The task » For the entries below, copy exactly the line that contains "不要參加所謂公司提供的講座、" through the line that contains "Each security equivalence", both ends included, and exclude all pictures.

Records for the exercise »
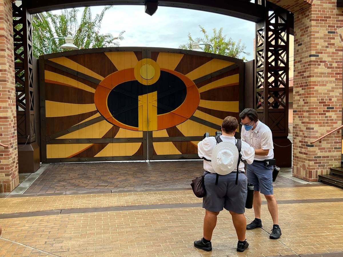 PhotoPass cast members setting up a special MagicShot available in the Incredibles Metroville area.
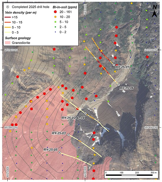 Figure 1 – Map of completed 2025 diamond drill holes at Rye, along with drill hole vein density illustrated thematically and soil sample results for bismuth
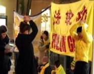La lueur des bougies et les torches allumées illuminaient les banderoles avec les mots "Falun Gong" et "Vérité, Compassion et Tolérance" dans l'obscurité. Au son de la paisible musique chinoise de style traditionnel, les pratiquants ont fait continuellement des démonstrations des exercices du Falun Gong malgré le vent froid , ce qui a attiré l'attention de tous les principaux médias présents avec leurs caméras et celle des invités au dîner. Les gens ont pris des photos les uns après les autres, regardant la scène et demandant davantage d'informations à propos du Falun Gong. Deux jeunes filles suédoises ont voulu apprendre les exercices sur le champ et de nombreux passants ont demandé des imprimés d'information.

==

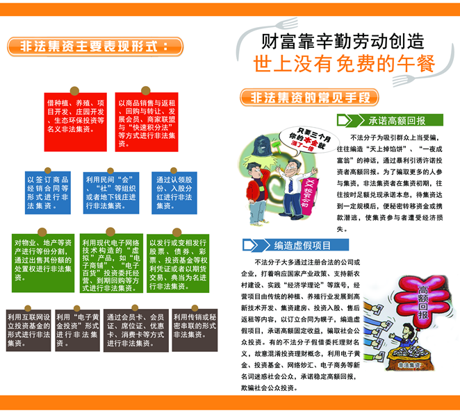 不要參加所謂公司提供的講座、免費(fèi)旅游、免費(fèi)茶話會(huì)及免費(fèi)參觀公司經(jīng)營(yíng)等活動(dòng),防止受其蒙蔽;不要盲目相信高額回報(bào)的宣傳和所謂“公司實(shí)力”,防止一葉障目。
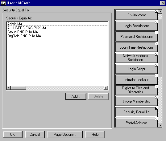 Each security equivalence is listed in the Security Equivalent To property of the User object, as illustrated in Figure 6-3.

Task answer »
 不要參加所謂公司提供的講座、免費(fèi)旅游、免費(fèi)茶話會(huì)及免費(fèi)參觀公司經(jīng)營(yíng)等活動(dòng),防止受其蒙蔽;不要盲目相信高額回報(bào)的宣傳和所謂“公司實(shí)力”,防止一葉障目。
 Each security equivalence is listed in the Security Equivalent To property of the User object, as illustrated in Figure 6-3.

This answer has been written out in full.